2) level liquid seed culture: with the barms on inclined-plane inoculation 1~4 encircle to that the sugar degree that 100~500ml is housed is 5~25%, concentration of iron is that 150~5000 μ g/ml, pH value are in 4~6.5 the special-purpose culturing bottle of wort, 26~35 ℃ of cultivations 24~48 hours.
3) the secondary liquid seeds is cultivated; With the level liquid seed culture fluid be inoculated into that sugar (mixtures of wort or molasses or wort and the molasses) amount of containing that 10~40L is housed is 5~25%, concentration of iron is that 150~5000 μ g/ml, pH value are in 4~6.5 the Ka Shi culturing bottle; Inoculum size is 1%~10%, cultivates 18~48 hours at 26~35 ℃.
4) fermentor tank seed culture: the secondary seed nutrient solution is inoculated into 0.5~15m is housed
3Sugar (mixtures of wort or molasses or wort and the molasses) amount of containing be 5~25%, concentration of iron is 150~5000 μ g/ml, replenish suitable nitrogenous source and phosphorus source, pH value is in 4~6.5 the seed fermentation jar; Inoculum size is 1%~10%, cultivates 18~48 hours at 26~35 ℃.
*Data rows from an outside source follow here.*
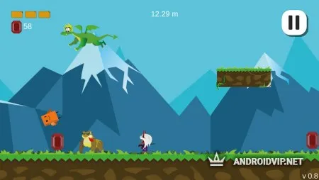 Управление в игре достаточно простое, присутствуют три кнопки управления, справа находится кнопка для совершения прыжка, а слева находятся стрелочки для бега. В игре вас ожидает достаточно простая и красочная графика, приятное музыкальное сопровождение и множество необычных персонажей. Ставьте всё новые рекорды, улучшайте вашего героя и дойдите наконец до вашего замка!
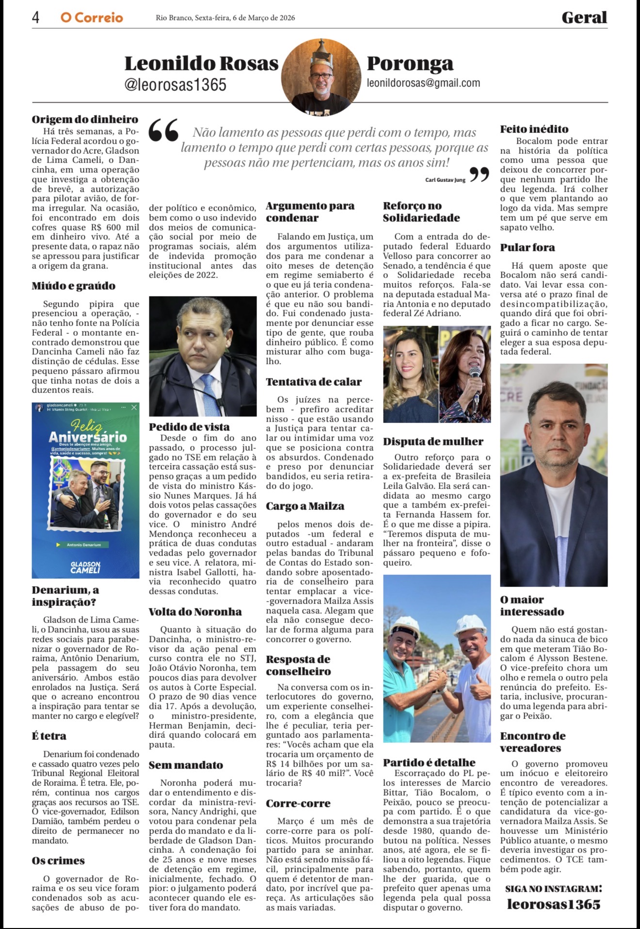 Há três semanas, a Polícia Federal acordou o governador do Acre, Gladson de Lima Cameli, o Dancinha, em uma operação que investiga a obtenção de brevê, a autorização para pilotar avião, de forma irregular. Na ocasião, foi encontrado em dois cofres quase R$ 600 mil em dinheiro vivo. Até a presente data, o rapaz não se apressou para justificar a origem da grana.
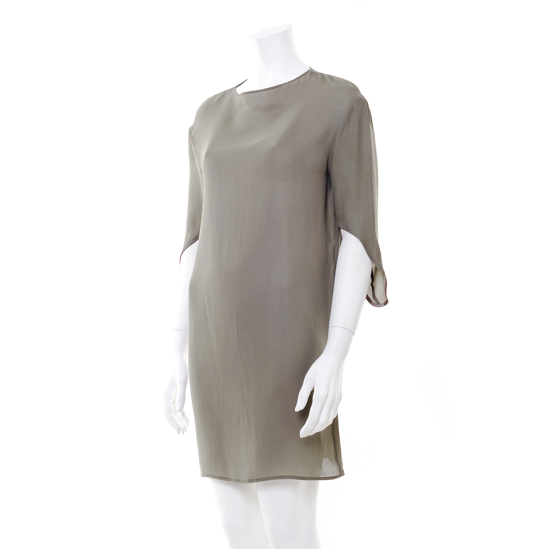 "Sukienka w kolorze khaki , z rękawem 3/4. Wykonana z 100% jedwabiu"
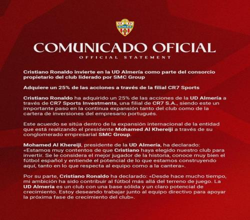 C羅宣布收購了阿爾梅里亞25%的股份,成為了俱樂部的股東之一,從目前的消息來看,C羅應該是不會參與到俱樂部的實際運營當中,他更多是暫時以一個投資者的身份進行的收購,不過關于C羅的投資細節以及投資的金額并沒有太多的信息。阿爾梅里亞這支球隊關注西甲的球迷還是非常熟悉的,他們算是比較有名的西甲升降機,多次升入西甲聯賽但是也多次降級。

5) ferment tank is cultivated: with the fermentor tank seed culture fluid be inoculated into that 1~300 ton sugar (mixtures of amylum hydrolysate of the sugar or molasses or amylum hydrolysate of the sugar and the molasses) amount that contains is 5~25%, concentration of iron is 150~5000 μ g/ml, additional suitable nitrogenous source and phosphorus source, pH value be in 4~6.5 the fermentor tank; Inoculum size 5%~15%; Used nutrition source adopts fed-batch mode; Iron adopts fed-batch mode to add, and cultivates 14~36 hours at 26~35 ℃.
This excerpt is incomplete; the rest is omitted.